10! = 10×9×8×7×6×5×4×3×2×1
= 5×2×3×3×2×2×2×7×3×2×5×2×2×3×2×1
= 7×5×5×3×3×3×3×2×2×2×2×2×2×2×2×1
So either m or n must be >= 7
= 7!×5×3×3×2×2×2×2×1
= 7! ×6×5×4×3×2×1
= 7!×6!
m=7, n=6
m×n=42

edit: how to not spoil the puzzle for others?

10 !

Disclaimer, these are not my puzzles. But linking to my sources would take the fun out of them.

Considering a generalized version of the puzzle, "If m! x n! = X! then m x n = ?"

(X, 1) and (X, 0) will always be valid "degenerate" solutions (producing answers "X" and "0", respectively). Let's ignore them onward.

Interestingly, for X=10 we have the pair (7, 6) which works only due to the fact that 6! = 8 x 9 x 10. In other words, 6! can be restructured to form the "tail" of a different factorial.

My intuition is that it happens because of 6! containing relatively many prime factors, allowing them to be rearranged to form the "tail".

This made me wonder how often that happens in general (for different X), with the intuition being, it's extremely rare.

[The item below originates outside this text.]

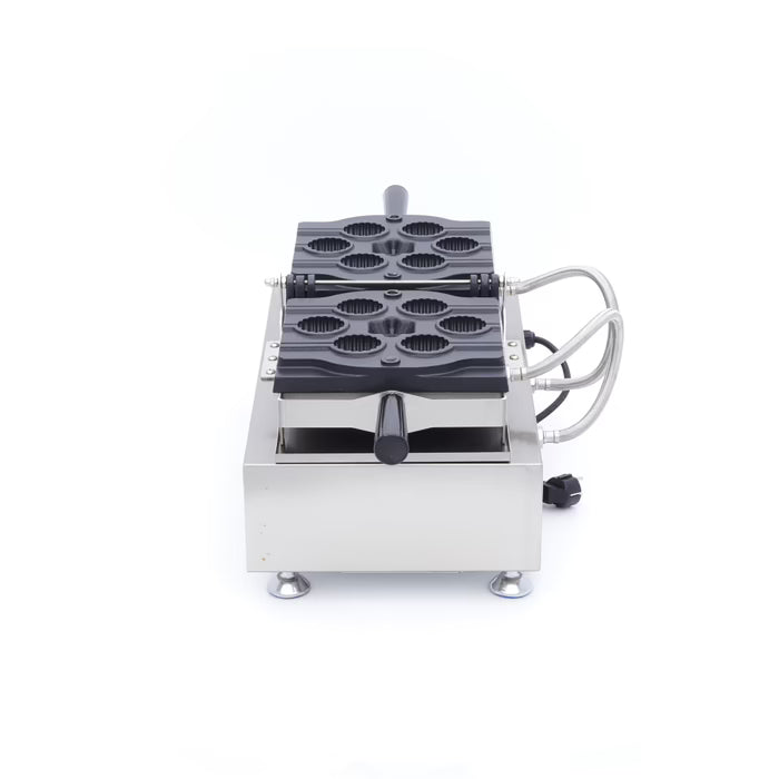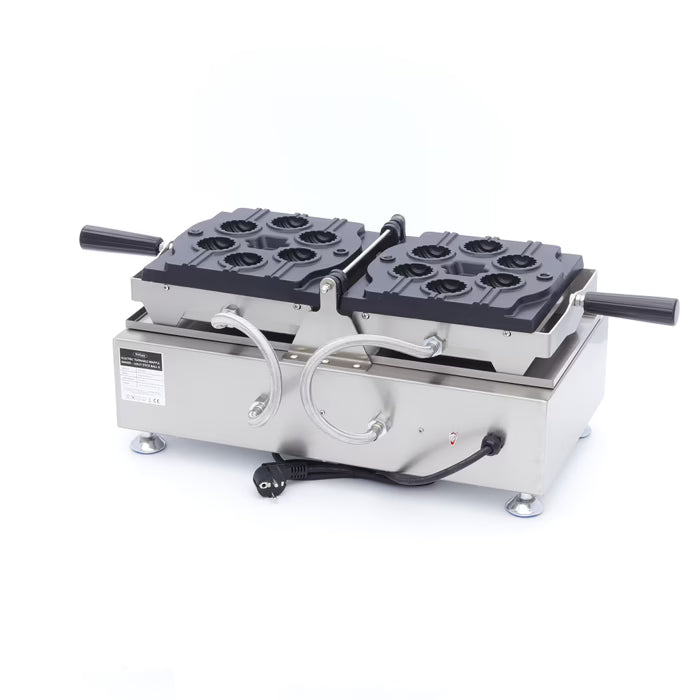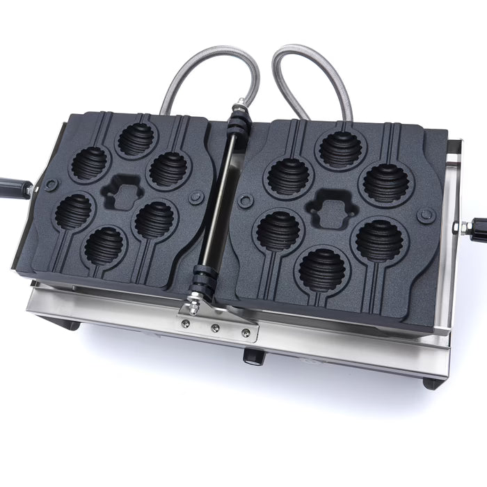 Den här elektriska våffeltillverkaren är tillverkad i en roterande modell så att du kan vända alla dina cak pops i ett svep utan att behöva ta bort dem från bakplåten. Detta säkerställer att smeten kan kollapsa på båda sidor så att cake pops alltid har en perfekt rund form på båda sidor. Apparaten står stadigt på fyra fötter i rostfritt stål så att den förblir stabil när den vänder. Bakplattan har en särskild skåra för pinnen. Detta gör att du kan sätta pinnen på rätt plats i ett svep och den kommer alltid att vara rak och i mitten av kakan. Låt den grädda i några minuter och dina kakor på pinne är redo att dekoreras med till exempel choklad.

So I had ChatGPT write me a program to check this as far as possible (read: until I think I understood the pattern and got fed up waiting for 8! to pop up):

6! = 5! x 3!
10! = 7! x 6!
24! = 23! x 4!
120! = 119! x 5!
720! = 719! x 6!
5040! = 5039! x 7!

It seems that "n" always has to be small, which makes sense because we need to tightly control the prime factors involved in the completion of the tail.

But that also means that, from a certain point, the only solutions seem to be of form m = X - 1, n! = X. (In fact, X=10 is the only example that breaks this rule, making it, in my eyes, the only "interesting" solution.)

It's not a rigorous proof, of course, that this is the only asymptotic solution form, but at least a strong heuristic. Also it helped build a wandwavy proof that there are infintely many X for which a non-degenerate solution exist.

@remindme in 12 hours

I actually encountered this before.
there are three answers.
10, 18, and twenty something.
I have to do some number punching to figure the last one out.